Tip one Underline the part of the text that shows the
answer
A forgotten reading skill is to learning how to read intensively when you are looking
for the answer itself. Forget key words they only show where to find the answer.
Once you have found the right part of the text, read very carefully you want to
find something that says:
1. This agrees with the information in the question True
2. This contradicts the informnation in the question False
Do NOT read generally at this point. You want to find something you can underline.

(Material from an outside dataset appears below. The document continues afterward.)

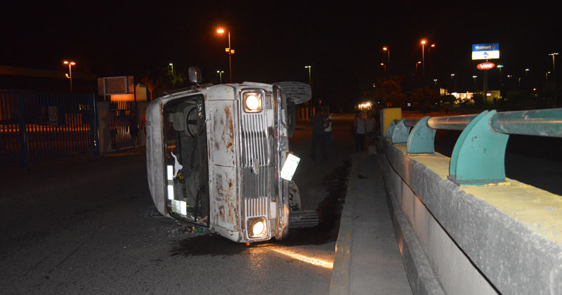 Al llegar a la división que hay entre la joroba y la lateral chofer no se decide por lo que choca contra el muro para quedar recostado. Testigos aseguran que el chofer salió lesionado

If you cannot find anything specific that you can underline, then the answer is likely
to be Not Given.
Tip two refer back to the whole question and think about
its meaning
IELTS reading is designed how well you understand reading passages. This means
you always want to focus on meaning when you are looking for the answer. Once
you have found the right part of the text, forget key words. Its quite possible to
find words in the text that match words in the question, but the overall meaning is
quite different.
1. Go back to the question and re-read it carefully focus on the little words
too (some, never, generally etc), these can change the meanings of questions
dramatically. Ask yourself if you are looking for something absolutely true or
something that is qualified in some ay.
2. Re-read the text. Does it mean the same as the question? Make sure you check the
text and question against each other that they mean the same thing.